Le cartel et les « mendiants de la DRAM »

Le marché mondial des puces de mémoire est hyper-centralisé. Environ 93 % de l'offre mondiale de DRAM est contrôlée par seulement trois géants : Samsung, SK Hynix et Micron.

Fin 2025, Micron a opéré un virage stratégique majeur en annonçant son retrait du marché grand public (gamme de RAM et de SSD Crucial) pour se concentrer exclusivement sur les acheteurs d'IA et d'entreprises, beaucoup plus rentables. Cette seule décision a ébranlé le marché grand public, laissant Samsung et SK Hynix comme seuls fournisseurs de l'industrie technologique globale.

Pendant ce temps, les géants de l'IA sont pris de panique. OpenAI aurait sécurisé près de 40 % de la production mondiale de DRAM fin 2025 pour garantir ses infrastructures à long terme.

Cela a déclenché une ruée frénétique. Début 2026, les médias coréens ont décrit les équipes d'approvisionnement des Big Tech américaines comme des « mendiants de la DRAM », installés dans des hôtels de long séjour autour de Pangyo et Bundang (la Silicon Valley sud-coréenne) pour supplier les dirigeants de Samsung et SK Hynix de leur accorder des allocations de mémoire. Chez Google, les cadres responsables de l'acquisition de HBM pour leurs TPUs personnalisés auraient été licenciés après avoir échoué à sécuriser des volumes suffisants.

L'impact direct sur les consommateurs

L'impact de cet accaparement de la mémoire par les géants du cloud se fait désormais sentir directement sur l'électronique grand public :

  1. Smartphones : Les fabricants de téléphones subissent des hausses de coûts massives. Apple paierait une surcharge de 230 % (soit environ 70 $ par appareil contre 25 à 29 $ historiquement) pour la mémoire LPDDR5X de 12 Go requise pour l'iPhone 17 Pro. Ces coûts se répercutent inévitablement sur les consommateurs.
  2. PC & Portables : Des géants comme Dell, Lenovo et HP ont annoncé des augmentations de prix. Certaines configurations d'ordinateurs portables d'entrée et de milieu de gamme reviennent en arrière, limitant la configuration de base à 8 Go de RAM au lieu de passer à 16 Go, afin de maintenir des prix de vente abordables. Un kit de 256 Go de RAM DDR5 haut de gamme coûte désormais plus cher qu'une carte graphique grand public.
  3. Consoles & GPUs : Les consoles de nouvelle génération comme la PlayStation 6 et la future Xbox font face à des retards potentiels ou à des compromis matériels en raison de la flambée des coûts de la mémoire GDDR. Nintendo a subi des pressions sur sa valorisation boursière à cause des marges prévues pour la future remplaçante de la Switch. Des rumeurs suggèrent que Nvidia pourrait fixer le prix de sa RTX 5090 à près de 5 000 $, en partie à cause de la pénurie extrême de mémoire GDDR7.

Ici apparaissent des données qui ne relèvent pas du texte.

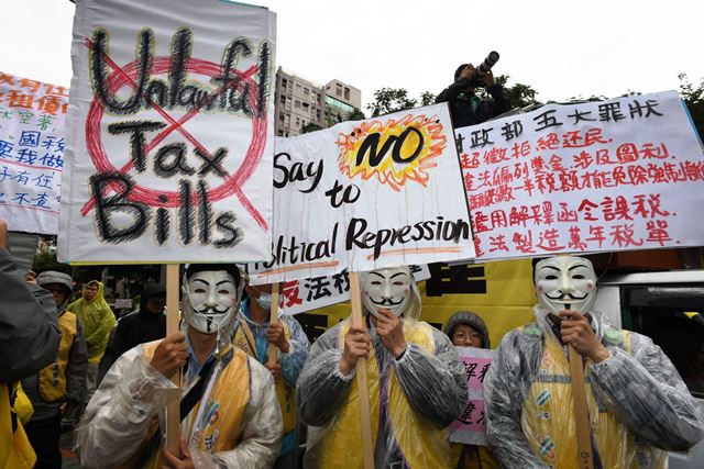 「廢掉國稅局!」「超徵還民天經地義!」「還我轉型正義!」台灣黃背心運動突襲財政部,千人吶喊要求財政部部長蘇建榮出面接受陳情。12月27日人民的怒火延燒到財政部,外牆被蓋滿鮮紅血手印,直指財政部為蔡政府敗選的頭號戰犯,怒批財稅施政犯了五大罪狀。人民不滿台灣經濟凋敝,低薪與貧窮化現象嚴重,外資不敢來,中小企業被掏空,基層人民遭稅務機關濫權逼稅,全球獨有的萬年稅單堪稱破世界紀錄,完全與民意相違背,讓台灣黃背心運動風起雲湧。

La bulle de l'IA prépare-t-elle un effondrement ?

Ce qui nous amène à la question finale : Les fabricants de mémoire se préparent-ils à un retour de bâton historique ?

Les usines de puces (fabs) exigent des capitaux colossaux et nécessitent au moins deux ans pour être construites. Les fabricants hésitent fortement à créer de nouvelles capacités de production car ils se souviennent du krach du milieu des années 2010. À cette époque, l'industrie avait massivement investi pour répondre à l'explosion des smartphones. Lorsque les ventes s'étaient stabilisées, le marché s'était retrouvé en surproduction, provoquant l'effondrement des prix de la mémoire.

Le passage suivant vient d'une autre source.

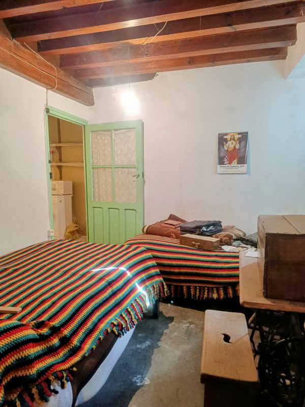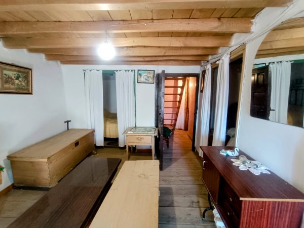 - Planta baja: Cuenta con baño, sala de estar, salón de paso, cocina con chimenea, despensa y un dormitorio.

Aujourd'hui, les fabricants de mémoire privilégient leurs marges plutôt que les volumes. Même si la fièvre de l'IA retombe et que la bulle éclate (un risque que le CEO d'OpenAI, Sam Altman, a lui-même reconnu), Samsung et Hynix se sont prémunis grâce à des contrats de fourniture à long terme verrouillés pour 2026 et 2027. Les acheteurs qui ont réservé trop de capacités seront contraints de payer le prix fort.

D'ici à ce que de nouvelles usines entrent en service fin 2027 ou 2028, ou que la demande de puissance de calcul pour l'IA générative diminue drastiquement, l'électronique grand public restera l'otage des centres de données. La crise de la RAM nous rappelle qu'en période de ruée vers l'or, ce sont les marchands de pelles qui dictent les règles.